What you will do: Please return exactly the lines from the one containing "Kompatibel mit: Wahoo" through the end of the records, including both.

Extracted entries:
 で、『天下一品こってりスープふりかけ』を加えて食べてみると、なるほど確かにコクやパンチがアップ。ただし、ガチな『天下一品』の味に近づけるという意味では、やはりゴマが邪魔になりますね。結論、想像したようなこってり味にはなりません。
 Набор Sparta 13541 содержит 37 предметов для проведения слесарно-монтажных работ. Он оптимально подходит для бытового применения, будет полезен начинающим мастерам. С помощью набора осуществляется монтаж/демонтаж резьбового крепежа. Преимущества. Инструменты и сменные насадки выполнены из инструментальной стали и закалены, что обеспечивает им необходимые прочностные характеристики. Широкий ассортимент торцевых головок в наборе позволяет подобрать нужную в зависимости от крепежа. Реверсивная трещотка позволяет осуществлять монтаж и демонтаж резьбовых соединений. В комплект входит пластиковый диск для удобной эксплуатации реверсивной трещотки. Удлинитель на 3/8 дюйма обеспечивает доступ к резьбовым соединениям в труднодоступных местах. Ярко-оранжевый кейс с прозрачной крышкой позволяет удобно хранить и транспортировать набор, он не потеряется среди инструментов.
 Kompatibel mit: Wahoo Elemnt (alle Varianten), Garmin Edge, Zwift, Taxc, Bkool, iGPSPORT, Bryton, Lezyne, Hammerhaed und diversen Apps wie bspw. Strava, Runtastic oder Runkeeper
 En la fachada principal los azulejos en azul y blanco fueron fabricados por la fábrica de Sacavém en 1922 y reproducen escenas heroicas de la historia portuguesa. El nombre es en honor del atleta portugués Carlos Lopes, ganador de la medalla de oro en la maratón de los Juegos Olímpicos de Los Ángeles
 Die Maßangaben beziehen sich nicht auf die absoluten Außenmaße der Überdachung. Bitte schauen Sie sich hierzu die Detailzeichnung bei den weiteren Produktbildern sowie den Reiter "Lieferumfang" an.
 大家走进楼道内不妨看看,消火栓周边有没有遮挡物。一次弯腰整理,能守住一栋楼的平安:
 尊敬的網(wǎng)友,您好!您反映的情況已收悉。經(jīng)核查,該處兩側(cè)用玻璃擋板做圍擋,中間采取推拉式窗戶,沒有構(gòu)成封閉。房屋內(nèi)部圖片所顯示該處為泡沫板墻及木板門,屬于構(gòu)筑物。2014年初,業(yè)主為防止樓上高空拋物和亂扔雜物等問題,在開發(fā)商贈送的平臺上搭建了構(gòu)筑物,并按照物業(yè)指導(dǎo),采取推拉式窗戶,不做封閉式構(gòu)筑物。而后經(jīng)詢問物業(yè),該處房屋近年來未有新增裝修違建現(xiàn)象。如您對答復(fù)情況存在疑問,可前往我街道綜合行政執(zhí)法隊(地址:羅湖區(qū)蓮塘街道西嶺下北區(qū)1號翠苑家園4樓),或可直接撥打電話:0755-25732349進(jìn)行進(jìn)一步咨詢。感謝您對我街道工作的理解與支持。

Answer box:
 Kompatibel mit: Wahoo Elemnt (alle Varianten), Garmin Edge, Zwift, Taxc, Bkool, iGPSPORT, Bryton, Lezyne, Hammerhaed und diversen Apps wie bspw. Strava, Runtastic oder Runkeeper
 En la fachada principal los azulejos en azul y blanco fueron fabricados por la fábrica de Sacavém en 1922 y reproducen escenas heroicas de la historia portuguesa. El nombre es en honor del atleta portugués Carlos Lopes, ganador de la medalla de oro en la maratón de los Juegos Olímpicos de Los Ángeles
 Die Maßangaben beziehen sich nicht auf die absoluten Außenmaße der Überdachung. Bitte schauen Sie sich hierzu die Detailzeichnung bei den weiteren Produktbildern sowie den Reiter "Lieferumfang" an.
 大家走进楼道内不妨看看,消火栓周边有没有遮挡物。一次弯腰整理,能守住一栋楼的平安:
 尊敬的網(wǎng)友,您好!您反映的情況已收悉。經(jīng)核查,該處兩側(cè)用玻璃擋板做圍擋,中間采取推拉式窗戶,沒有構(gòu)成封閉。房屋內(nèi)部圖片所顯示該處為泡沫板墻及木板門,屬于構(gòu)筑物。2014年初,業(yè)主為防止樓上高空拋物和亂扔雜物等問題,在開發(fā)商贈送的平臺上搭建了構(gòu)筑物,并按照物業(yè)指導(dǎo),采取推拉式窗戶,不做封閉式構(gòu)筑物。而后經(jīng)詢問物業(yè),該處房屋近年來未有新增裝修違建現(xiàn)象。如您對答復(fù)情況存在疑問,可前往我街道綜合行政執(zhí)法隊(地址:羅湖區(qū)蓮塘街道西嶺下北區(qū)1號翠苑家園4樓),或可直接撥打電話:0755-25732349進(jìn)行進(jìn)一步咨詢。感謝您對我街道工作的理解與支持。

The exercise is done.